Paulo Leminski foi um poeta que ousou e experimentou muito na escrita. Aberto ao experimentalismo de vanguarda, inicialmente a poesia concreta e depois o tropicalismo, ele trabalhou sempre com as palavras tocando-as nas texturas e sonoridades, possíveis e impossíveis. Desbravou o minúsculo dos vocábulos com determinação, e, modificando-os, surpreendeu, quer na escrita dos poemas e nos ensaios-anseios crípticos, quer nos escritos em prosa e nas traduções.

Nomeou-se guerreiro da linguagem na carta de 29/setb/78, escrita ao amigo e também poeta Régis Bonvicino. No livro Envie meu dicionário, cartas e alguma crítica, as cartas-poemas (assim nomeadas por terem sido escritas em forma de versos) apresentam-se de forma fragmentária, como obra em devir. Essas cartas foram organizadas em livro por Bonvicino que percebeu que elas lembravam um poema, e abriam uma poética. Um texto fragmento, um texto que porta outros textos: o diálogo, a crítica, a poesia – que ali mesmo nascendo no verso, flui inesperadamente –, além do próprio fragmento. No hibridismo do texto são encontrados, em meio a acréscimos e desenhos, reflexões e anotações. O espaço de escrita nesta troca epistolar parece ser de muita confiança e funcionar como uma espécie de oficina, onde se exercita um sujeito e sua obra.

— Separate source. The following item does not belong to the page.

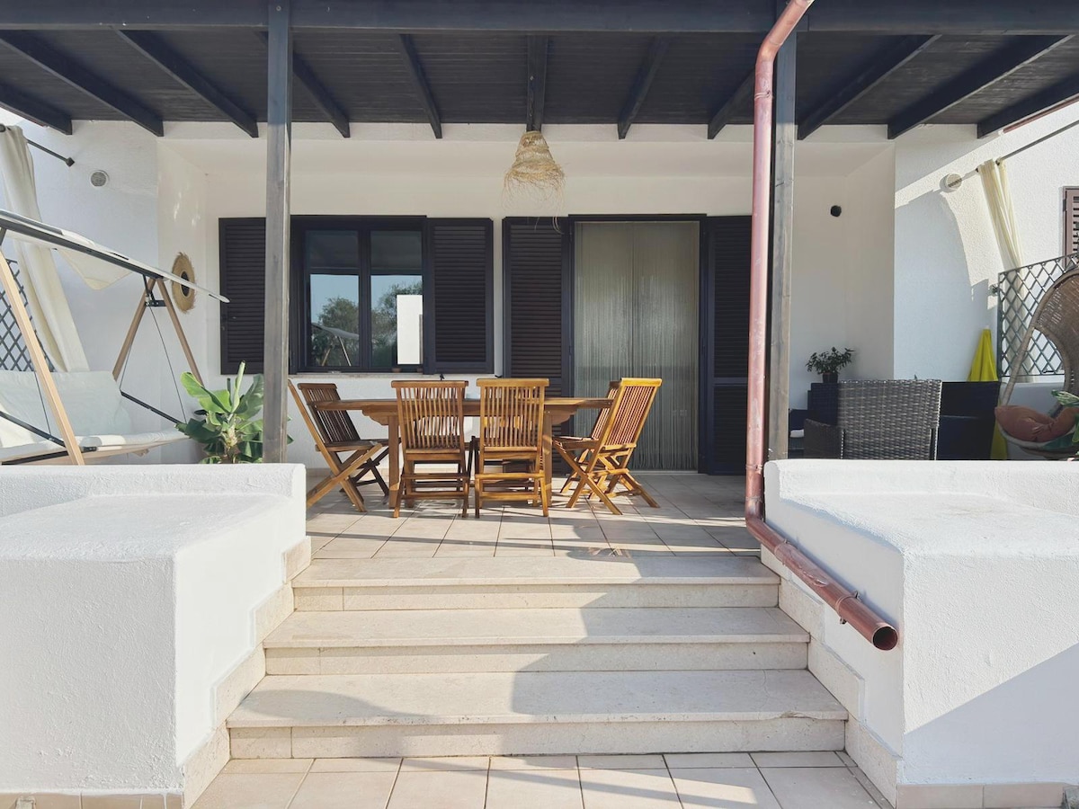 Casa spaziosa con ampio spazio esterno posta su due livelli e di fronte al lido Maldive del Salento. Al piano rialzato un'ampia cucina-soggiorno dispone di un divano letto e il primo bagno. Al piano inferiore, luminoso e arieggiato, ci sono le 3 camere da letto matrimoniali, ciascuna con accesso a cortili interni privati, e il secondo bagno con doccia e lavatrice. All'esterno l'ampio patio con vista mare coperto da gazebo in legno e dotato di tavolo, sedie, lettini, barbecue e doccia esterna.

Leminski declarou no livro Anseios Crípticos 2: “Finnegans Wake: ... pura linguagem, a Noite, o Sonho”.[2] Relembramos que James Joyce - de Ulisses e de Finnegans Wake - chegou até nós com seu jorro magnífico de inúmeras consoantes. Podemos parafrasear Joyce e dizer que “a letter is a litter”, a letra/letter como “resto” toca o real, o sempre falho e o impossível da linguagem. Em Leminski, que também operou com a letra no seu ponto mínimo, como matéria de linguagem, percorremos o mundo na pequenez do aparente anti-poético, pois com ele sustenta-se o “ponto” de letra assim evocado, incorporando desmedidos ruídos e buscando a dimensão fônica e figurativa da palavra poética e da letra.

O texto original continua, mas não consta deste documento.